Hey guys first time posting in this forum but i was wondering if cherry burls are good or worth anything dropped a few cherry trees today and thought i might cut them off if so!! thanks! (I guess there called burls? Big lumps on trees)


----------



## swift4me (Sep 2, 2012)

As long as they are fairly sound and don't have a bunch of voids, someone would do somethging with them.. I don't know about the real value ($$$) though. Maybe someone else.

Pete


----------



## hunthawkdog (Sep 2, 2012)

we were working in a state park and a camper asked us to save him the cherry burls we had he gave us some real fancy pens he sure was excited to get them burls another wood worker i know also likes to get any burls you can find he tried to pay me back with an all weekend wood turning class but i didnt get to go


----------



## harley2143 (Sep 23, 2012)

I'm a turner an although a cherry burl is beautiful if taken the proper care to cut it right.

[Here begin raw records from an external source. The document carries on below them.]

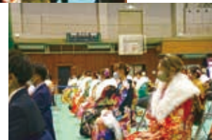
▲前回の成人式の様子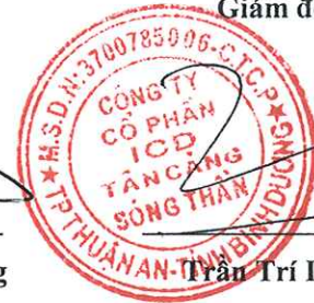
Trần Trí Dũng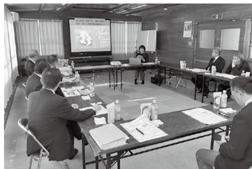
始良市商工会にて

「地産地販」をテーマとして、鹿児島県内の小規模事業者が開発した特産品の販路開拓を支援する鹿児島県連直営のアンテナショップとなっている。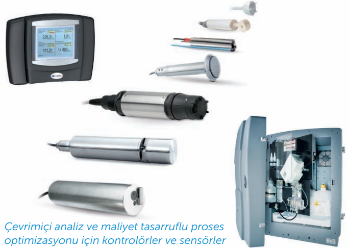
Çevrimiçi analiz ve maliyet tasarruflu proses optimizasyonu için kontrolörler ve sensörler

The value of it isn't that much mainly because there are quit a few around. Id be nice if you knew of someone who turns to trade. I do that all the time. Got a bunch of 18in Black Ash from a guy and he didn't want anything for. Was happy to see tht I loved the wood but I turned a beautiful Barkon boat bowl for his wife and thought she was going to kiss me and it made his life alot better. She said if he could get anything like that for all the things he gives away she won't care. Besides its always nice to say thankyou in a different way and people always love a nice crafted bowl. So do some trading, a good size cherry burl naturl edged bowl 12in Diameter is worth $150 and up depending on how solid it is. Don't think because someone can get couple hundred bucks for finished product that its worth that much to sell the wood to him. Even at 150 dollars he probbly has 6 hrs in making it and taking the risk if it has punk wood in the center. Turning for normal guys is a passion driven by the end result and not by what its worth. Everyone wants to make money at a hobby but reality will always stop you and tell you to get to work elsewhere.


----------